The company generated only Rs 221 cr during the three months from advertisement sales at its English newspapers Hindustan Times and Mint, a decline of 9% over last year’s Rs 243 cr.

Compared to the preceding Jan-Mar quarter, advertising revenue from the English newspapers were down 18%.

“Advertising budgets continued to shrink, affecting growth despite a favourable base effect,” said chairperson Shobhana Bhartia.

It said it saw “muted ad spends” in sectors such as government, auto, retail, entertainment and finance, while real estate and e-commerce showed growth.

“National spends muted over last year,” HT Media said.

Bhartia said revenue growth was hit by “persisting macroeconomic challenges. “Although the impact of RERA and GST implementation are both waning, with businesses getting used to them,” she added.

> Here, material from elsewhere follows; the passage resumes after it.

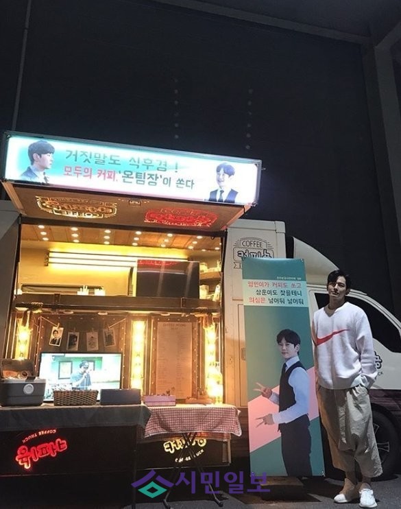 공개된 사진 속 온주완은 편안한 차림으로 커피차 배너 옆에 선 모습. 훈훈한 미소로 포즈를 취하고 있다. 커피차 플래카드엔 '거짓말도 식후경! 모두의 커피 '온팀장'이 쏜다', '영민이가 커피도 쏘고 상훈이도 찾을테니 의심은 넣어둬 넣어둬'라는 팬들의 응원 문구가 적혀 있다.
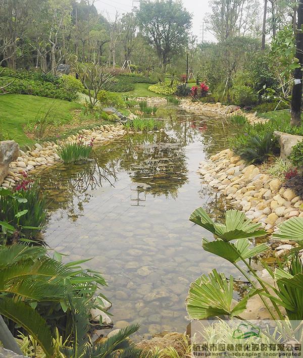 下雨時(shí)蓄水,用于植物的日常澆灌;干旱時(shí),鋪滿鵝卵石的水底又可與周邊豐富的植物營造出另一種園林意境

She also said there could be some “short-term pressure on both growth and profitability” for the company.

HINDI PRINT

The company, which gets about 40% of its print revenue from its Hindi newspaper Hindustan, also saw year-on-year declines in advertising revenue, but ad revenue in Hindi improved from the sudden dip seen in the Jan-Mar quarter.

Year-on-year, Hindi ad sales were down 5% at Rs 168 cr, but were up 13% compared to the Jan-Mar quarter.

Jan-Mar had been a particularly bad period for the Hindi newspaper.

Despite the sequential increase in Hindi print ad revenue, the run rate is still slightly below the company’s quarterly average.

In this segment too, it reported ‘muted spends’ in government, classifieds, retail, health, durables and finance, while e-commerce, real estate, auto and FMCG reported ‘pick up’.

“Despite poor base, there was hardly any growth in education category,” it said.

RADIO

Meanwhile, radio revenue continued to grow, powered by the inauguration of new stations.

Revenue, which is almost entirely from ad sales, rose 12% on year to Rs 47 cr, while EBIT margin was at 11% compared to 5% last year.